Frutto di uno studio sulla lingua parlata e sul suo legame con il corpo, Folklore Dynamics dei coreografi e danzatori di VIDAVÈ, Noemi Dalla Vecchia e Matteo Vignali – in scena con altri tre performer -, attingono a storie, proverbi, giochi, superstizioni e gesti delle diverse tradizioni popolari italiane. Intesi a creare un forte senso di collettività, tra ritmi percussivi, voci, rivolte, risa, incantamenti, mutando abiti e maschere, i cinque bravi danzatori ricercano forme e rituali gestuali tradotti in movimenti corali e singoli, a tratti però un po’ confusi.

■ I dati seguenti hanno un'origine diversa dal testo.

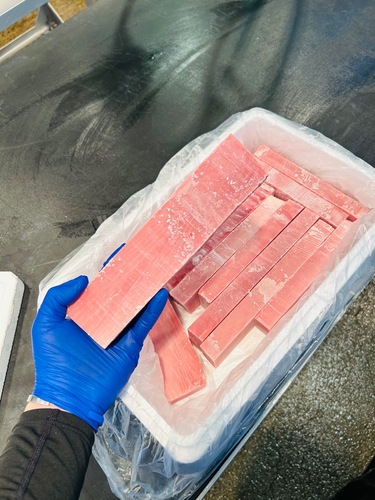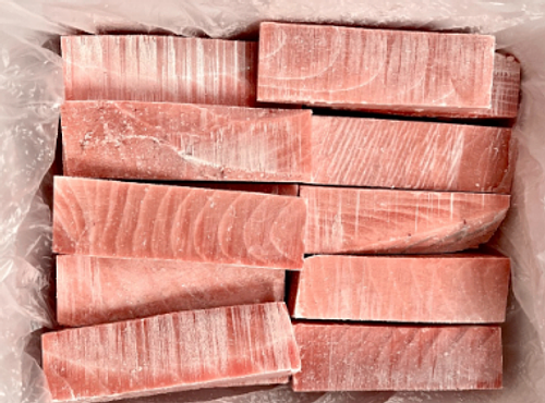 【使い勝手の良い商品です❗️】 韓国産 大平洋漁場 冷凍メバチマグロ 赤身柵 [ロング柵] 3k箱/約11〜13柵入 柵/約250~300g・約18〜24cm前後 生食用✨縮み✨色目良し 歩留まりを重視した製品です❗️ 少量規格の製品なので使い回ししやすく、 タイムパフォーマンスにも良いです。 ある程度、定型になってるので、 刺身に引くのも良し👌 スライスするも良し👌 です♪

Con Baia, ispirato alla omonima città romana sommersa nel Golfo di Napoli, i due giovanissimi Marco Casagrande e Nicolò Giorgini, esplorando il rapporto tra memoria, tempo e spazio, elaborano una dinamica di movimenti fluttuanti (da sviluppare ulteriormente e più definiti), costruiti su un videomapping a terra (design Angelo Bitetti) di forme esagonali che emergono man mano i due corpi intensificano il loro attraversamento. Sul tappeto sonoro del sound designer Tony Perez, evocano crolli, riemersioni e sospensioni, fino al riaffiorare, sul fluttuare delle onde, dei mosaici sommersi.

In Cancan, dei palloncini neri a terra accolgono il lento incedere di tre danzatori, tra cui Fabritia D’Intino che firma la coreografia, le cui posture – delle gambe, nelle sequenze dinamiche che si succedono a terra, poi delle braccia, delle mani sensuali sui corpi, e altre posture ritmate, col risultato generale di un mero esercizio ginnico -, tendono a riprodurre il celebre ballo parigino ottocentesco Can can, con movimenti astratti in antitesi a quelli vivaci e rumorosi della danza. L’intenzione della coreografa è di «Riflettere sul legame tra intrattenimento, erotismo e virtuosismo», ma non basta l’accenno sonoro alla musica di Offenbach sul percussivo suono sovrastante, a ricordarci infine del senso di quel ballo.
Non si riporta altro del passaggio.